Proteins were extracted from HT1080 and UHDR-HT1080 cells using RIPA Lysis Buffer and Extraction Buffer (Thermo Fisher Scientific, Waltham, MA, USA) and 1% Halt Protease Inhibitor Cocktail (Thermo Fisher Scientific). 10% SDS-PAGE gels were loaded with protein samples. The samples were then transferred to polyvinylidene difluoride (PVDF) membranes with a thickness of 0.45 μm (GE Healthcare, Chicago, IL, USA). Membrane blocking was done using Bullet Blocking One for Western Blotting (Nakalai Tesque, Inc., Kyoto, Japan). The anti-c-MYC antibody was obtained from Proteintech (1:2,000, #10828-1-AP, Rosemont, IL, USA) as well as β-Actin (20536-1-AP, 1:1,000). Horseradish-peroxidase–conjugated anti-rabbit IgG (1:5,000, #SA00001-2, Proteintech) antibody was used as the secondary antibody. The western blot was scanned using the Clarity Western ECL Substrate (Bio-Rad Laboratories, Hercules, California, USA) and UVP ChemStudio imaging machine (Analytik Jena, Upland, CA, USA). Band intensities were quantified using ImageJ software (version 1.53k, NIH). The relative c-MYC expression level was normalized to β-actin, and the ratios were calculated from three independent experiments.

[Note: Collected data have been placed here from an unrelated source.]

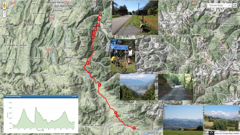 Gestern Abend bin ich ja in ein richtiges Radfahrernest gestochen. Strava schien ein grosses Thema zu sein und natürlich Routenideen auf die nächsten Pässe wie eben den Glandon, Croix de la Fer, Huez, Lautaret, Galibier, halt alles was man so kennt aus der Tour de France. Wenigstens in den Stunden bis zur Mittagszeit, traf ich denn auch auf meiner Strecke überall Radfahrer, entweder am Überholen oder im Gegenverkehr. Das Radfahrer-Mekka hier eben.
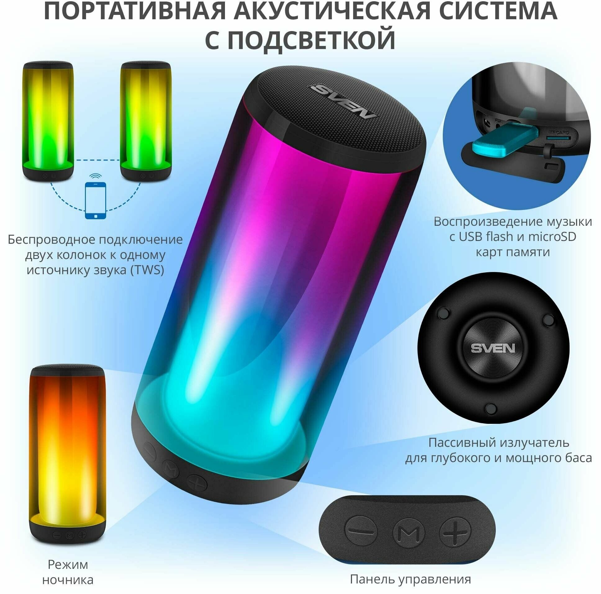 Портативная колонка Sven PS-260, 10 W, Bluetooth, FM, USB, microSD, подсветка, черный (SV-021337) 3 299 ₽ Подробнее
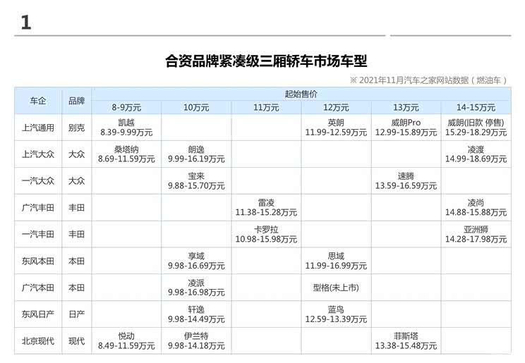其次,从外部市场环境看,威朗Pro从旧款15万元以上偏中型车的价格区间中主动转移出来,退到“更广阔的海洋”中,安插到在销售体量和成长潜力更大的价格区间内,不仅能与那些受年轻人偏爱的思域、菲斯塔等产品对标,同时,凭借运动的定位也能与这一市场销售排名靠前的卡罗拉、轩逸、速腾等“大众化”产品进行很好的区隔,并形成更强的竞争压制关系。
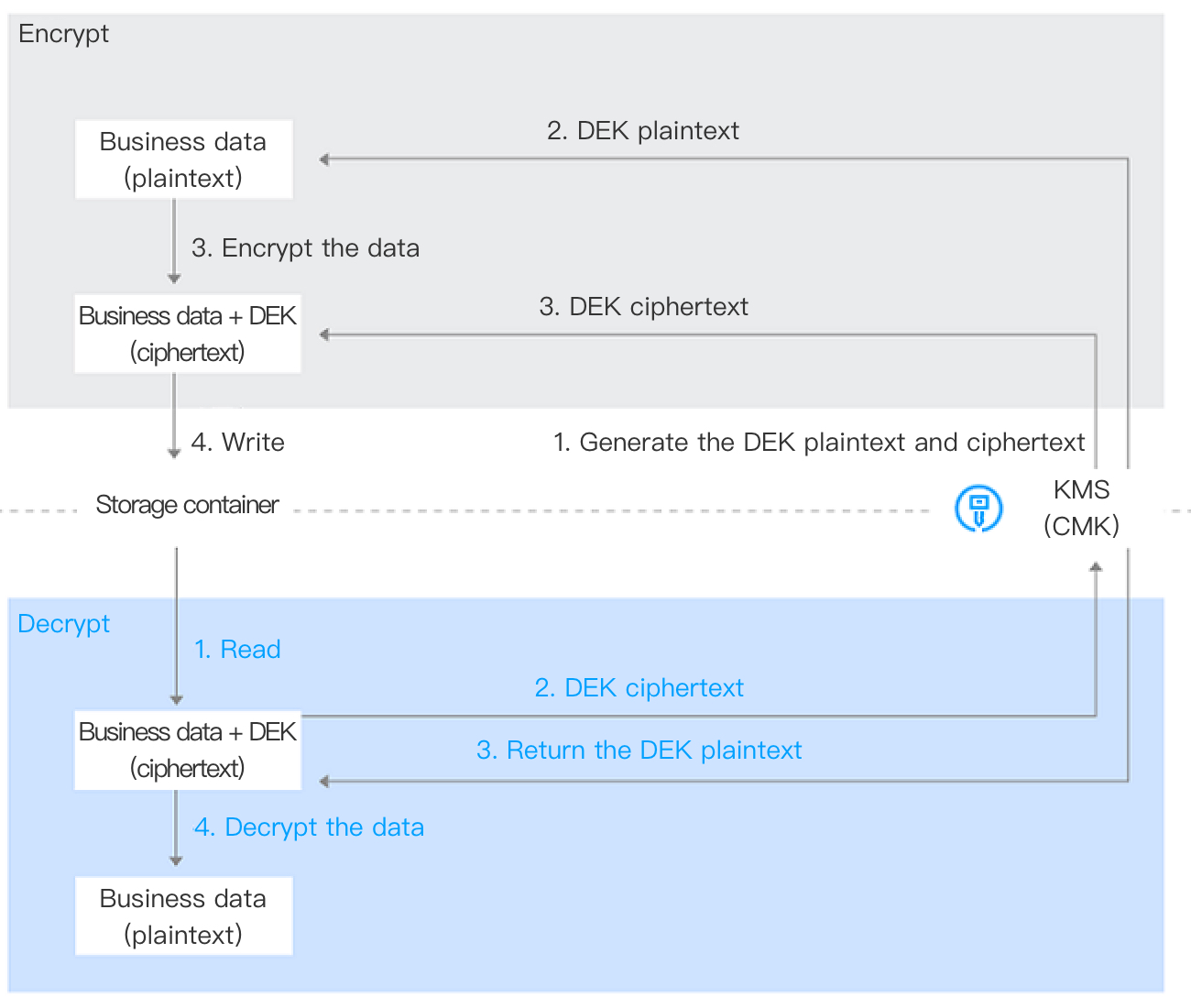 此类加密方案被称为信封加密,即用另一个密钥对密钥进行加密的过程。信封加密是一种应对海量数据的高性能加解密方案。其可通过生成 DEK 来对本地数据进行加解密,保证了业务加密性能的要求,同时也由 KMS 确保了数据密钥的随机性和安全性。
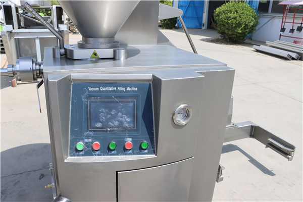 本机是由叶片泵充填、伺服电机驱动、人机界面、可编程控制器(PLC)控制的全自动真空定量灌装机,配装有自动扭结装置和200L提升机。既可以灌制肉糜肠、火腿肠、火腿等肠衣制品;又适用于天然肠衣、胶原蛋白肠衣、纤维肠衣等分份扭结。也可用于灌装各种瓶盒装产品.本机设有叶片自动补偿装置,分份定量精度可达±4克,传递物料轻柔,而且灌装速度、扭结速度、扭结圈数、每份的重量均可在触摸屏上设定。
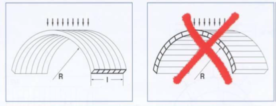 a. Dimensionamiento para techos curvos: La estructura generalmente se realiza con tubos de metal 2” x 1” que se mandan a rolar para darles la curvatura deseada. Considere el radio mínimo de curvatura que le puede dar al arco y las correas de apoyo dependiendo del espesor de la plancha que utilice, de acuerdo a lo siguiente:
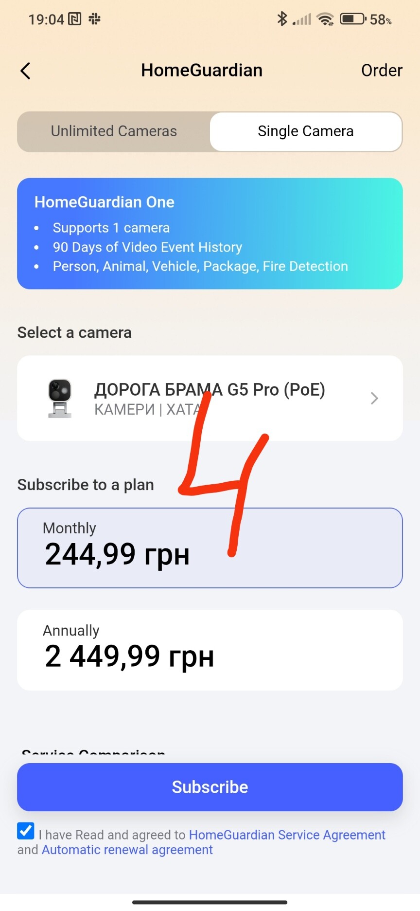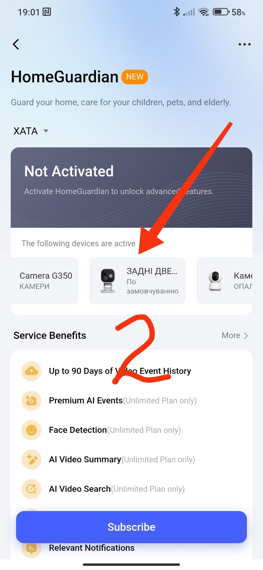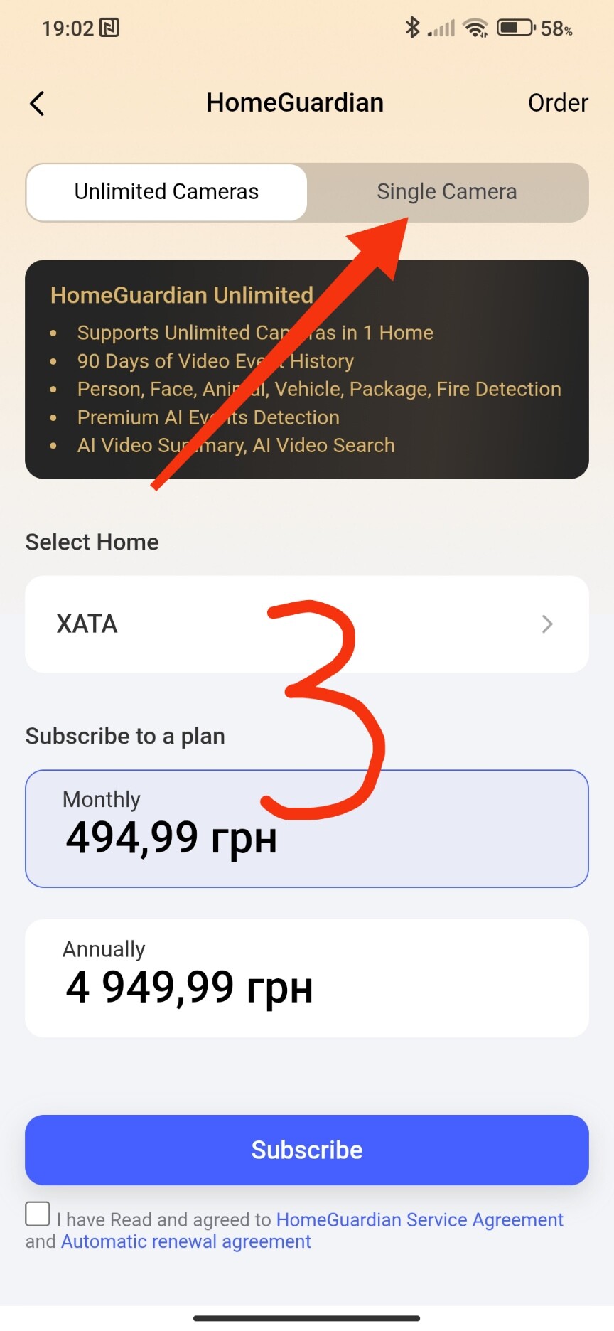 To purchase a paid subscription, you need to go to the app settings page and take the following steps to select the desired camera

Statistical analyses were conducted using EZR software (Jichi Medical University, Saitama, Japan) (28). The Welch’s t-test and Tukey-Kramer analysis were employed to ascertain the correlation between the variables. Statistically significant p-values were defined as less than 0.05 (29).

Results

Establishment of ultra-high doxorubicin-resistant HT1080 cells

Ultra-high doxorubicin-resistant cells (UHDR-HT1080) were selected from HT1080 cells by culturing them in doxorubicin, increasing the concentration stepwise from 8 nM to 15 µM, an 1875-fold increase over a period of 5 months. The HT1080 IC50 of doxorubicin was 3.3 µM [data from (18)], compared to 38.2 µM for UHDR-HT1080 cells that were finally selected. UHDR-HT1080 cells were 11.6 times more resistant to doxorubicin than the parental HT1080 cells (Figure 1).

Figure 1
Line graph showing the viability of UHDR-HT1080 cells against doxorubicin concentrations. Cell viability decreases from 100% to below 50% as doxorubicin increases from 0 to 40 micromolars. IC50 is marked at 38.2 micromolars. Error bars indicate variability in data points.

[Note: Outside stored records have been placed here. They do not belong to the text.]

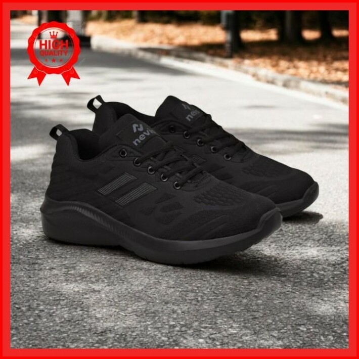 Nevis Sepatu Pria Jumbo Big Size 39-49 Hugo Sport Sneakers Casual Full Black Hitam Polos Best Produk
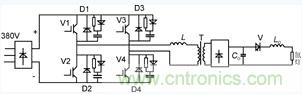 此處將限流電感L放在變壓器原邊。這除了能實(shí)現(xiàn)功率管的零電壓開通外,例如在V1,V4關(guān)斷后,由于L的續(xù)流作用,D2,D3導(dǎo)通,則V2,V3可實(shí)現(xiàn)零電壓開通;還可分擔(dān)變壓器原邊繞組上的壓降,減少變壓器匝數(shù),進(jìn)而減小變壓器磁心。
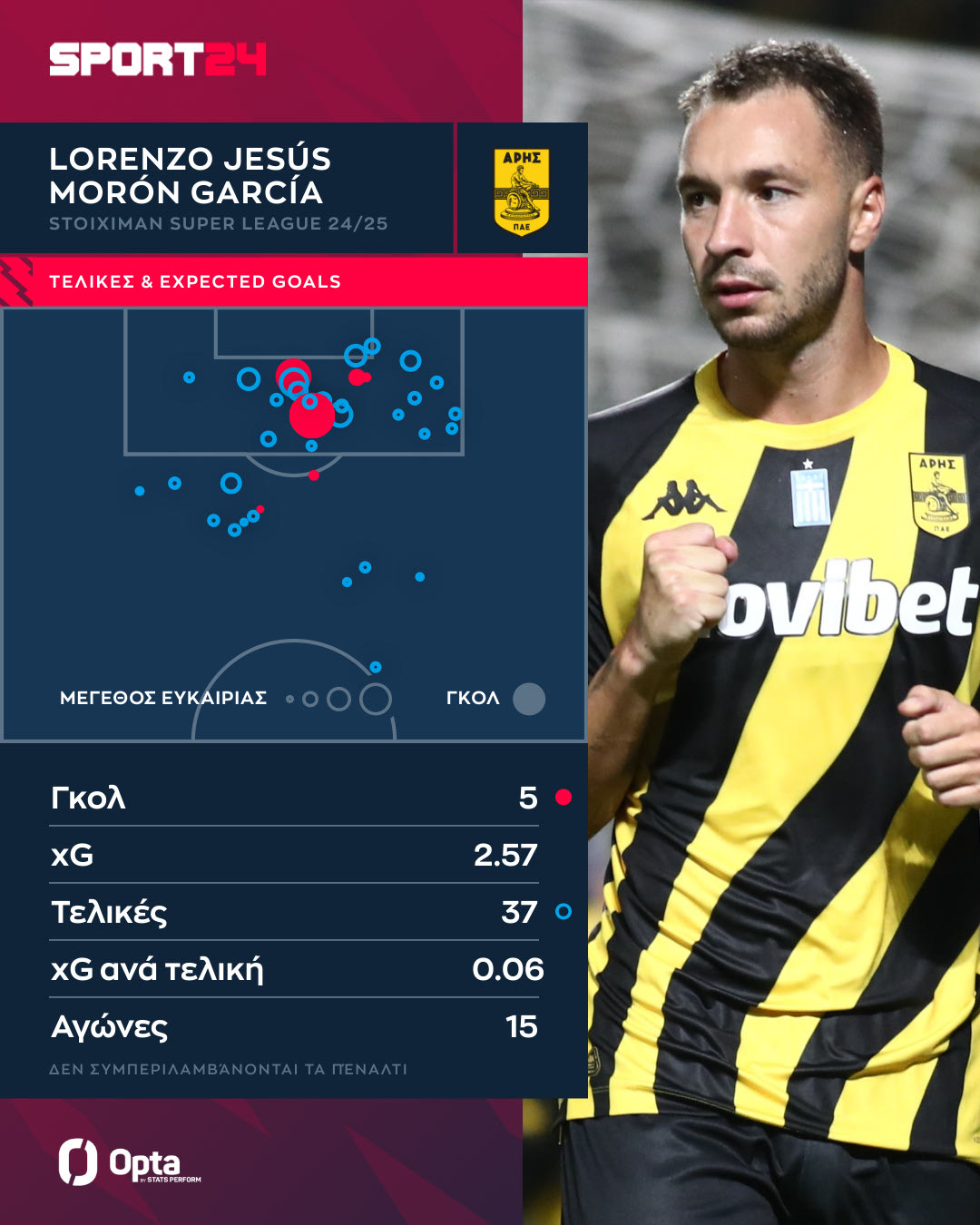 Τα τέσσερα από τα εννέα γκολ του Μορόν προέρχονται από την άσπρη βούλα. Η απειλή του πέραν των πέναλτι υπολογίζεται σε 2.57 xGoals (ενώ έχει πετύχει πέντε γκολ πλην των πέναλτι).
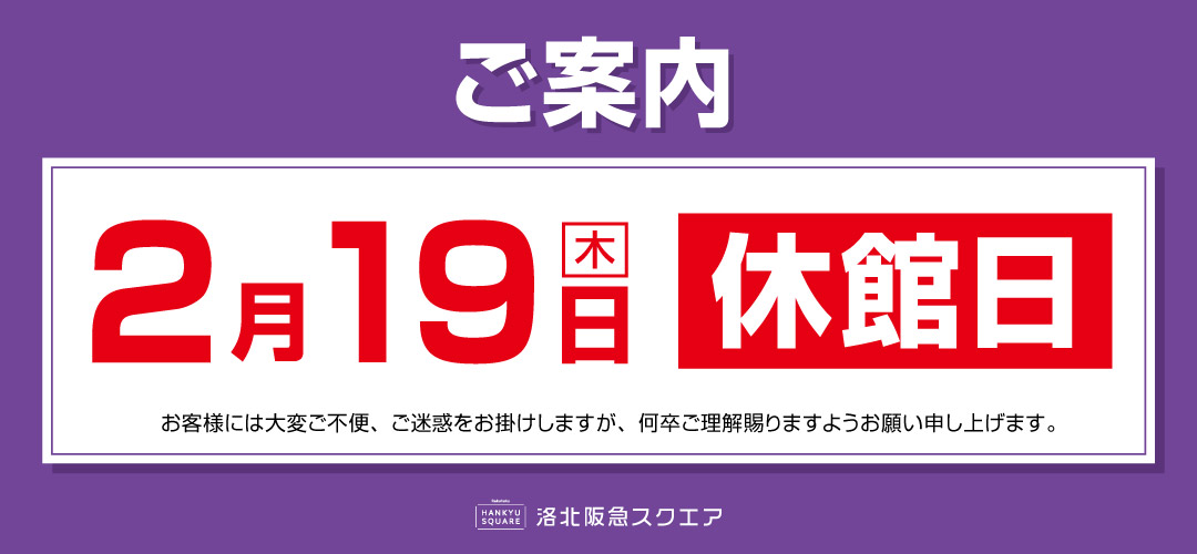 2月19日(木)休館日のご案内

Figure 1. IC50 of doxorubicin on UHDR-HT1080 cells. Please see Materials and Methods for details. Results are shown as mean ± standard deviation.

Determination of IC50 of rMETase alone on HT1080 and UHDR-HT1080

The HT1080 IC50 of rMETase was 0.75 U/ml [data from (12)], compared to the UHDR-HT1080 IC50 of 0.59 U/ml (Figure 2).

Figure 2
Line graph depicting cell viability percentage versus rMETase concentration in U/ml for UHDR-HT1080 cells. Cell viability decreases from 100% to near 0% as rMETase concentration increases from 0 to 8 U/ml. The ICâ‚…â‚€ value is 0.59 U/ml. Error bars represent data variability.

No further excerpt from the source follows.